What you are asked to do:
Although pictures appear in the data, the answer should contain only the lines from its start through the line with "挺好的,很亮的紫光灯,做美甲", written out exactly.

(Beginning of Supplied information)

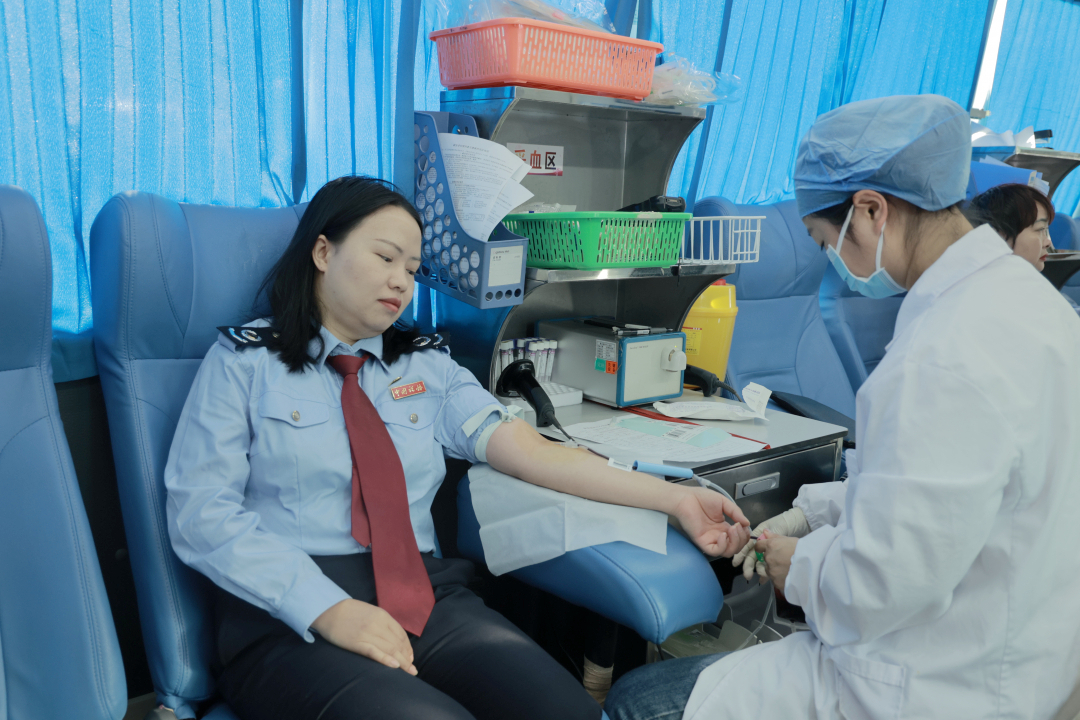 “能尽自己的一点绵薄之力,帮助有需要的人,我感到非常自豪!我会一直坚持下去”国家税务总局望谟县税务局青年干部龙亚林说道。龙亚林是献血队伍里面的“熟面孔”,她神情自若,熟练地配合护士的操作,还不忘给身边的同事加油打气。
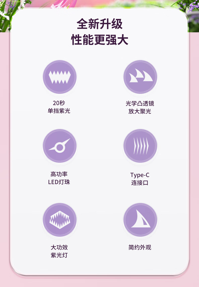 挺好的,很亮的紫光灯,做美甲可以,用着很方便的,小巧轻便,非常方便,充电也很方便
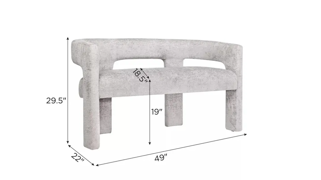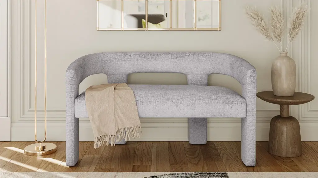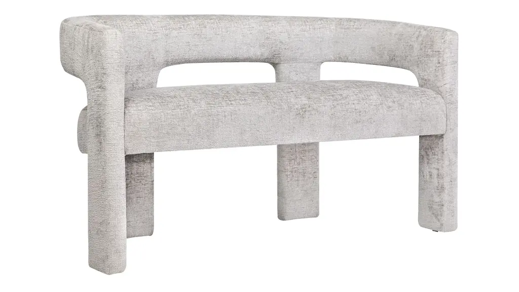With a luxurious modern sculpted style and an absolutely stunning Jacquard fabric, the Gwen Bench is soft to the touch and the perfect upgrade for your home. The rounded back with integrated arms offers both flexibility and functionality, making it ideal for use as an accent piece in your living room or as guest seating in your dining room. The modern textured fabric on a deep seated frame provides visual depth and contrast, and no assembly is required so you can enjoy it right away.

(End of Supplied information)

Reply:
 “能尽自己的一点绵薄之力,帮助有需要的人,我感到非常自豪!我会一直坚持下去”国家税务总局望谟县税务局青年干部龙亚林说道。龙亚林是献血队伍里面的“熟面孔”,她神情自若,熟练地配合护士的操作,还不忘给身边的同事加油打气。
 挺好的,很亮的紫光灯,做美甲可以,用着很方便的,小巧轻便,非常方便,充电也很方便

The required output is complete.